• **WHAT THIS TASK INVOLVES**
Given these entries, repeat exactly the lines starting with the one that has "Minister André Misiekaba" and going on through the one that has "Feuerwehrmänner löschen einen", both included, but none of the pictures.

RECORDS PROVIDED: Begin

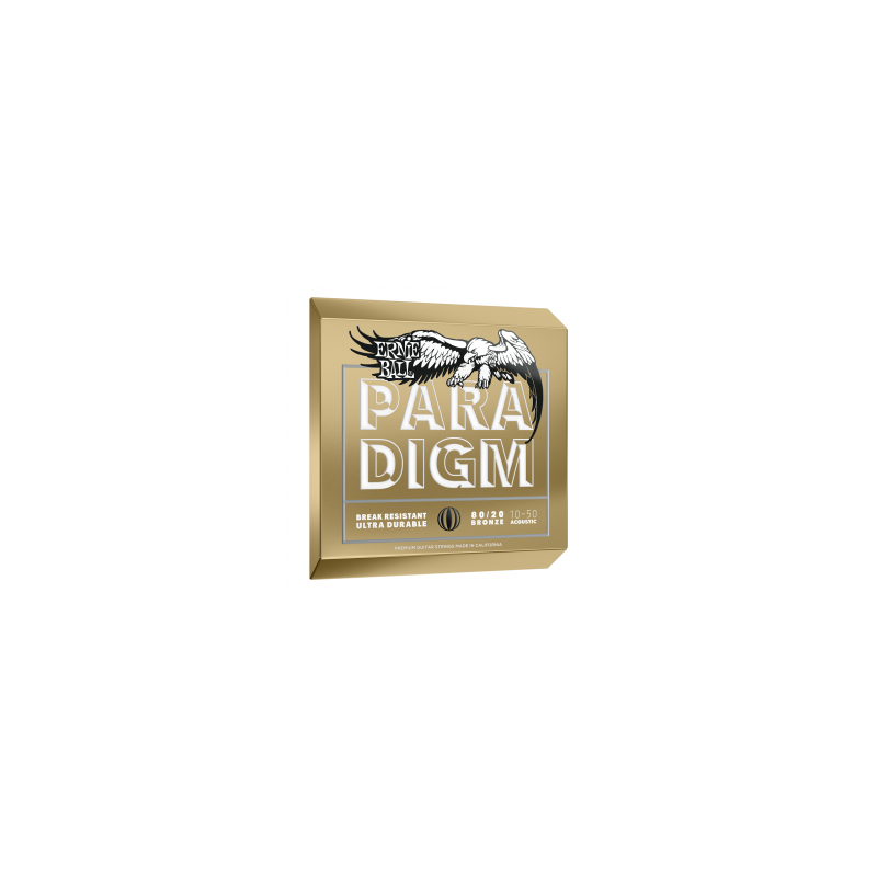 Juego de cuerdas para acústica Paradigm. Calibre .010 .014 .020 .028 .040 .050 Las cuerdas Ernie Ball Paradigim representan un antes y un después ofreciendo una resistencia a roturas y durabilidad superior e inigualable; y siempre ofreciendo nuestro icónico sonido Slinky.
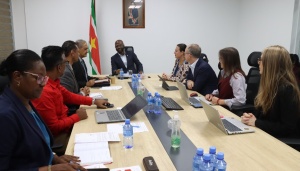 Minister André Misiekaba van Volksgezondheid, Welzijn en Arbeid ontving vrijdag 27 maart 2026 een delegatie van de Inter-American Development Bank (IDB), in aanwezigheid van onderminister
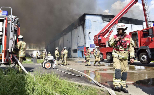 Feuerwehrmänner löschen einen Brand in einer Lagerhalle in Berlin: Für Unternehmen können Brände wie diese existenzielle Folgen haben, wenn etwa die gelagerte Ware komplett verbrennt.
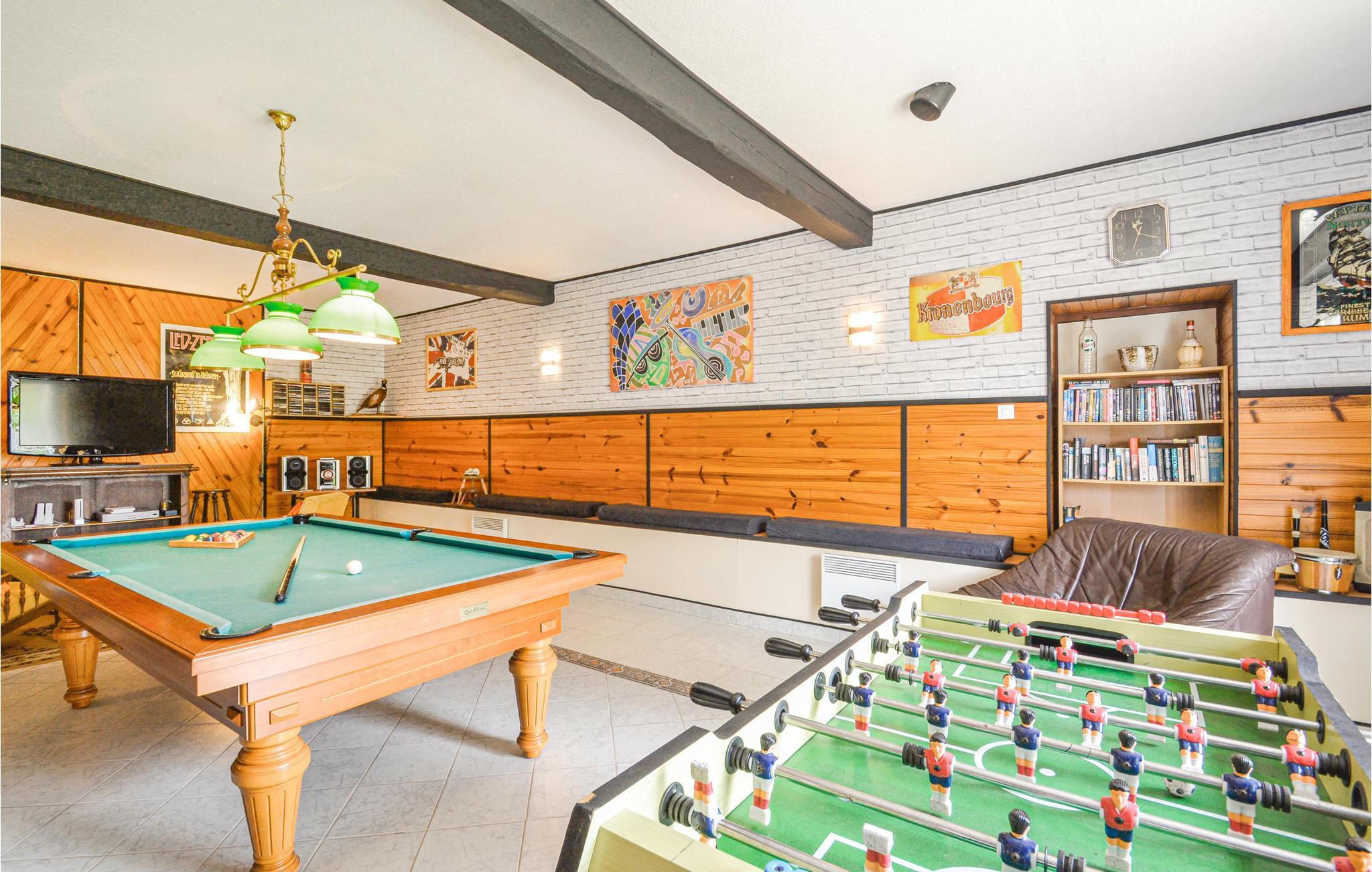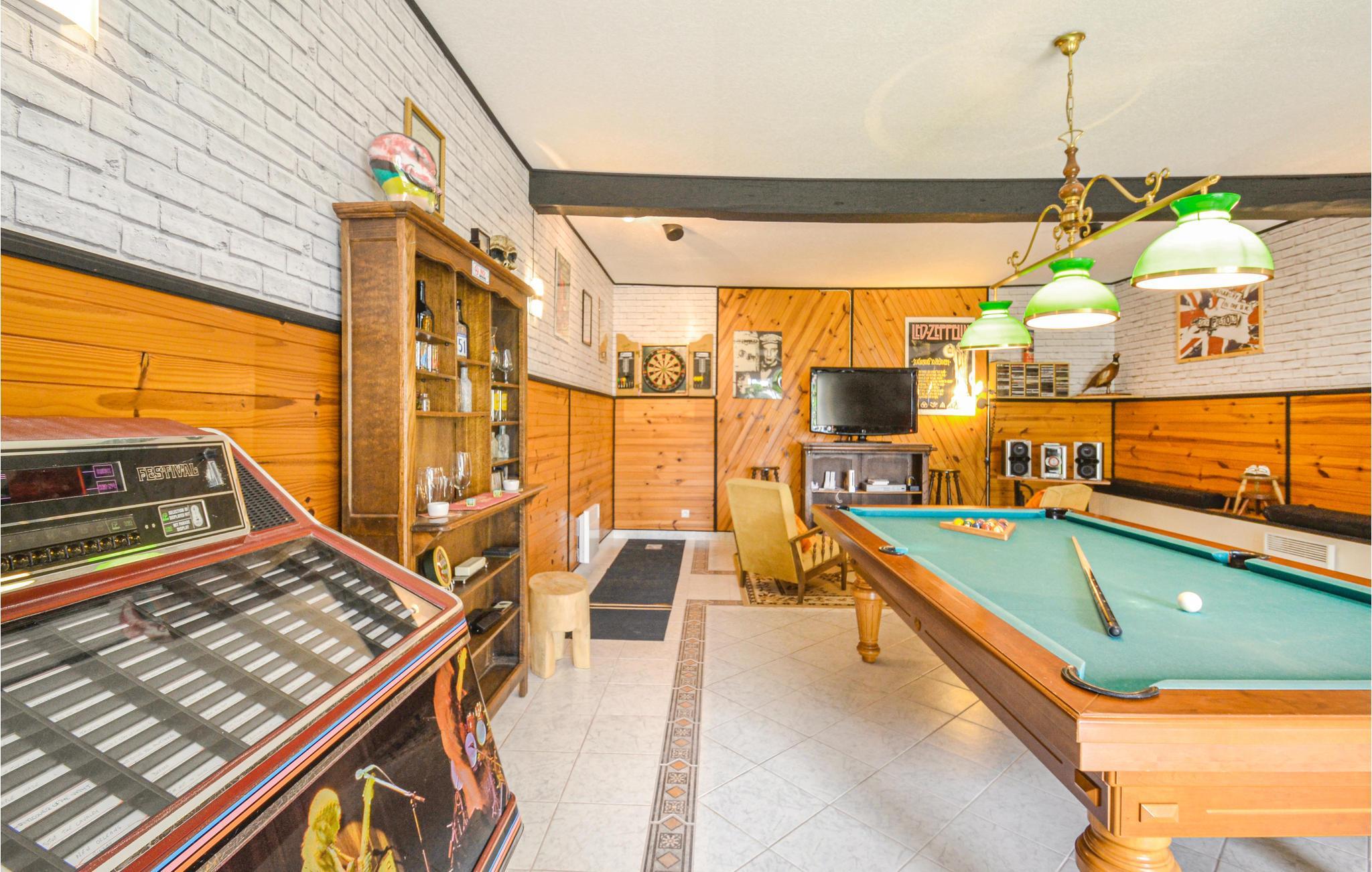 Ihre Ferienwohnung bietet viel Platz und ist daher für Familien geeignet. Machen Sie es sich im Wohnbereich gemütlich, der mit Sofa, Sesseln und Fernseher ausgestattet ist. Nutzen Sie die schöne Küche mit Esstisch, die praktisch eingerichtet ist, und bereiten Sie Ihre Mahlzeiten in geselliger Atmosphäre zu. Entdecken Sie die beiden großen Aktivitätsräume im Erdgeschoss. Spielen Sie Billard, Tischtennis, Tischfußball oder Darts und stöbern Sie in der Sammlung von Büchern, CDs und DVDs. Verbringen Sie abwechslungsreiche Stunden unabhängig vom Wetter und gestalten Sie Ihre Freizeit aktiv.
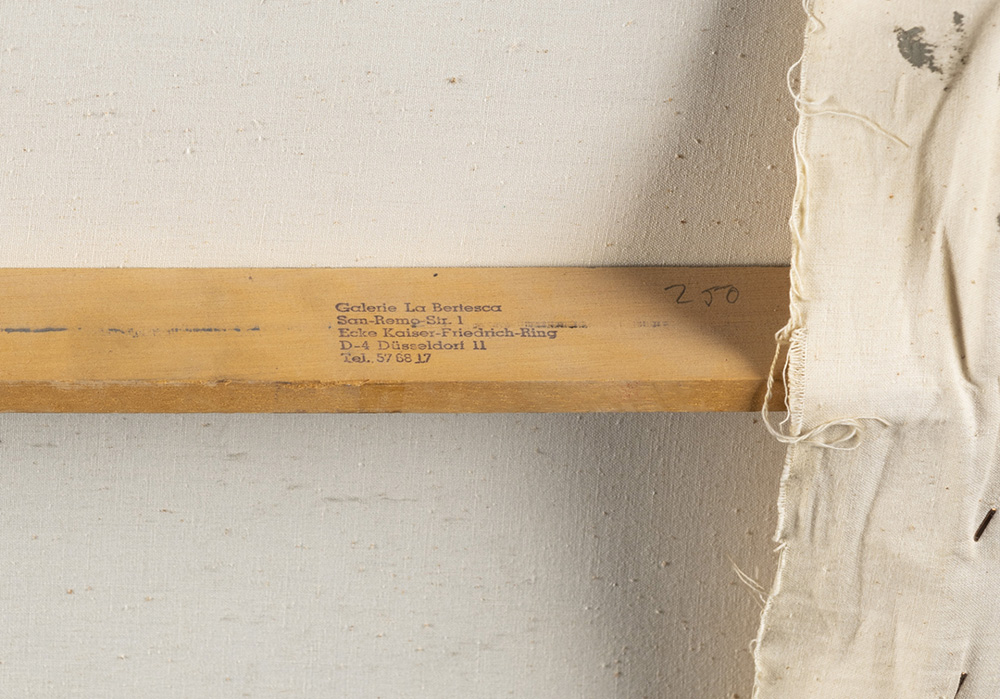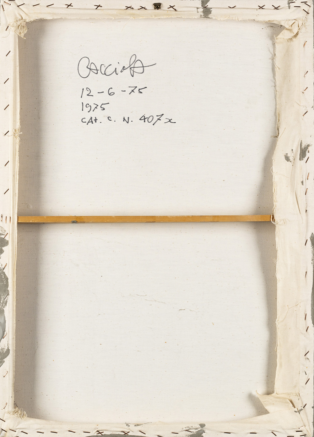 Enzo Cacciola 1945 12 - 6 - 75 - 1975 tecnica Cemento su tela Dimensioni cm. 70 x 50 Firma Firmato e datato sul retro Note Timbro Galerie La Bertesca, Dusseldorf sul retro Provenienza Collezione Privata
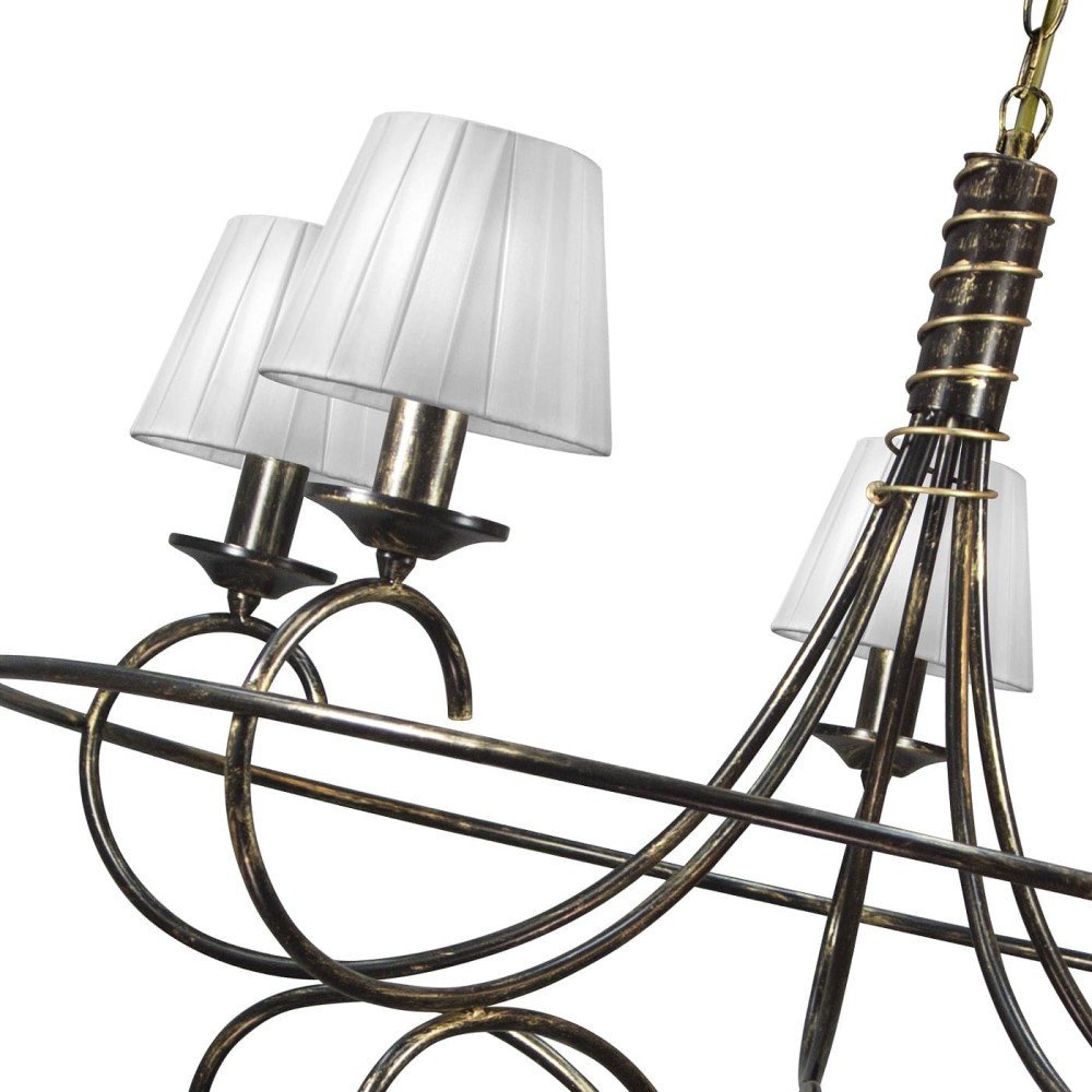 Эта люстра предназначена для использования с различными типами ламп: накаливания, светодиодными и люминисцентными. Выбор типа ламп позволит вам подобрать оптимальное освещение и энергоэффективность. Благодаря регулируемой высоте, вы можете настроить оптимальное расположение светильника в соответствии с вашими потребностями и особенностями интерьера. Абажуры, выполненные из высококачественной ткани, обеспечивают мягкое и рассеянное освещение, создавая уютную и расслабляющую атмосферу. Патинированное золотое покрытие придает светильнику роскошный и благородный вид, подчеркивая его изысканный дизайн. Срок гарантии 7 лет гарантирует, что вы можете наслаждаться этим элегантным светильником долгие годы. Размер коробки обеспечивает удобство транспортировки и хранения. Этот светильник станет прекрасным дополнением к вашему дому, добавив ему стиля, элегантности и уюта. Установка и использование данной люстры не требуют специальных навыков.

RECORDS PROVIDED: End

• **SOLUTION FOR THIS PROBLEM**
 Minister André Misiekaba van Volksgezondheid, Welzijn en Arbeid ontving vrijdag 27 maart 2026 een delegatie van de Inter-American Development Bank (IDB), in aanwezigheid van onderminister
 Feuerwehrmänner löschen einen Brand in einer Lagerhalle in Berlin: Für Unternehmen können Brände wie diese existenzielle Folgen haben, wenn etwa die gelagerte Ware komplett verbrennt.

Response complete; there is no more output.